There’s a disconnect here. There are many foreclosed properties in California that are vacant. Yetm rental prices are rising steadily, primarily because those foreclosed upon need a place to live. We need a plan to make these properties available to renters, and to do so in bulk and immediately.

(Crossposted from CAIVN)

Secret docs show foreclosure watchdog doesn’t bark or bite

The government’s supervision of the program has apparently ranged from nonexistent to weak.

I knew you’d be shocked. Apparently Rule of Law in this country is becoming as non-existent as it is in Italy, aided and abetted by the curiously passive Obama Administration.

Perhaps we should do what Greeks are now doing and disrupt foreclosure auctions. If it happened in one court, they could stop it. If it happened in thousands, they couldn’t.

Wall Street jackals bundling foreclosure debt

House is gone but debt lives on,” says WSJ. Those who walked away from their homes assuming the bank would eat the difference between what the house is now worth and what is owed on it are getting a nasty surprise. Deficiency judgments are becoming more common. That’s when the foreclosed owner is legally told to pay the difference.

Yes, I do have a problem with people walking away from homes sticking someone else with the bill (and that someone is often taxpayers since the government buys or guarantees such debt.)

However, as might be expected, Wall Street sees deficiency judgments an exciting new income opportunity. Buy this toxic slop of debt, grind the previous homeowners into dust trying to collect, then package it all in bundles of securities. What could go wrong with that?

The increase in deficiency judgments has sparked a growing secondary market. Sophisticated investors are “ravenous for this debt and ramping up their purchases,” says Jeffrey Shachat, a managing director at Arca Capital Partners LLC, a Palo Alto, Calif., firm that finances distressed-debt deals. He says deficiency judgments will eventually be bundled into packages that resemble mortgage-backed securities.

Then they can buy and sell credit default swaps on these noxious poo piles, creating ever more fictitious capital and increased risk and instability in the financial system until it inevitably blows up in their faces again, just like in 2008. Some of this debt is selling for 2 cents on the dollar, which seems just a teensy bit risky to me.

None of this helps the economy at large nor does it create jobs in any appreciable way.

Karl Denninger on Strauss-Kahn, IMF, and more



His latest 30 minute podcast is on BlogTalkRadio now.

The IMF, Greece, the US Debt position (breach day is today, incidentally) and more. 30 minutes of, well, “grab the popcorn” discussion.

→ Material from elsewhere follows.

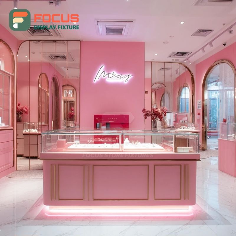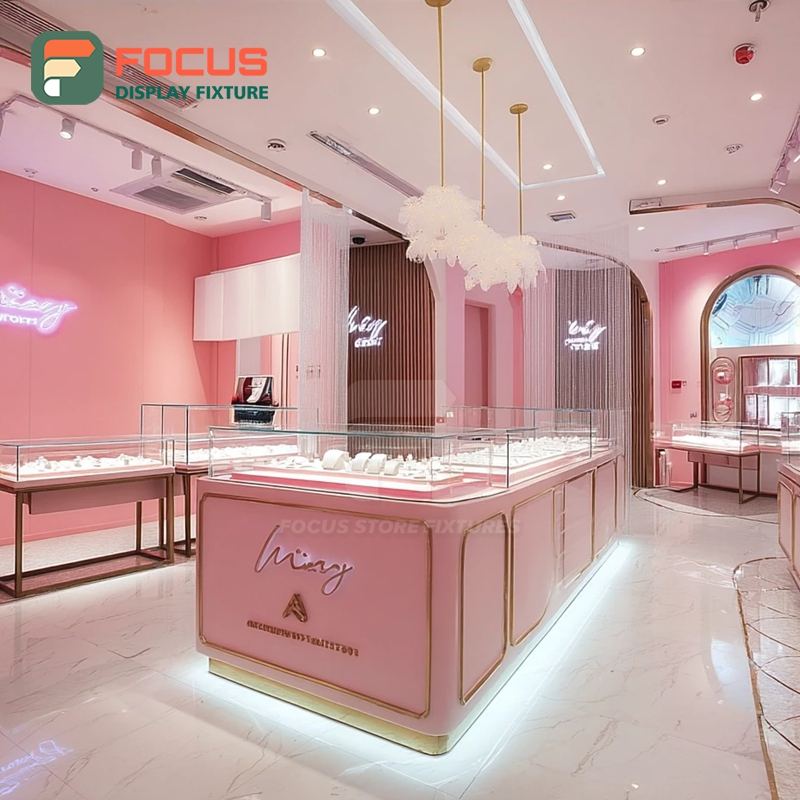 Fabricant de systèmes de présentation de bijoux minimalistes sur mesure, finition laminée, armoire à bijoux pour magasin de marque
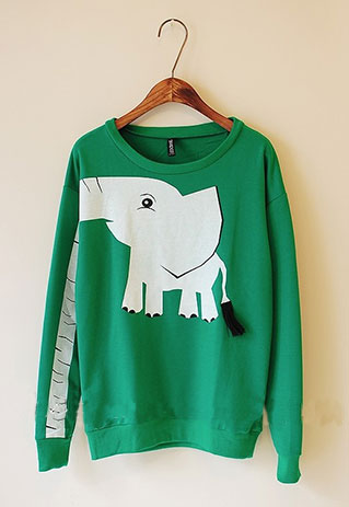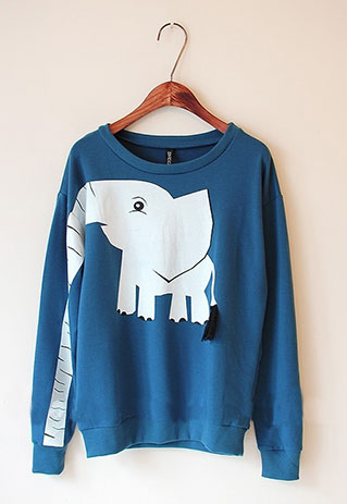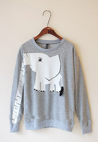 Little white elephant print, like it? If you like. buy our elephant print sweatshirt. Features the white elephant print, it looks cute and chic. In it, you will feel like enjoying in the zoo. Made of cotton. Soft and comfortable. Add it to your wardrobe, fashion gals.

Denninger is co-founder of the original Tea Party, which was founded specifically in opposition to the bailouts of insolvent banks by the federal government. He’s neither racist nor a loony and has nothing but scorn for the Tea Parties who jacked his idea and turned it into “pablum; God, guns, and gays.”

From the show:

Did you know that a woman in Florida had her house broken into twice by thugs from banks with no paperwork and the police did nothing? The house was not in default. Geithner wants to grab money from our retirement funds and increase the debt limit. This so the banksters can be paid off at the full amount on their bonds. There’s no talk of restructuring, the US taxpayer is expected to bend over and take it for the banksters.

It’s like the allegations against Strauss-Kahn, isn’t it? He takes, someone gets raped. How apt that he has raped countries via the IMF for bankster bondholders.

Denninger says if DSK didn’t do it, then someone set him up. This creates a ‘battle of the lions’ whereby they try to destroy each other, something we benefit by as the truth eventually comes out. As an aside, he says, Eliot Spitzer was set up, but you can’t be set up if you don’t take your pants off.

I find Denninger’s bluntness, genuine anger, and courage a welcome change from the increasingly tepid liberal / progressive blogosphere which is mostly preoccupied with blogging about what those horrid Republicans are doing. Hey, Strauss-Kahn is (at least nominally) a socialist, so I guess the problem isn’t just one political faction, is it? Rather, the system itself is rotten and corrupt.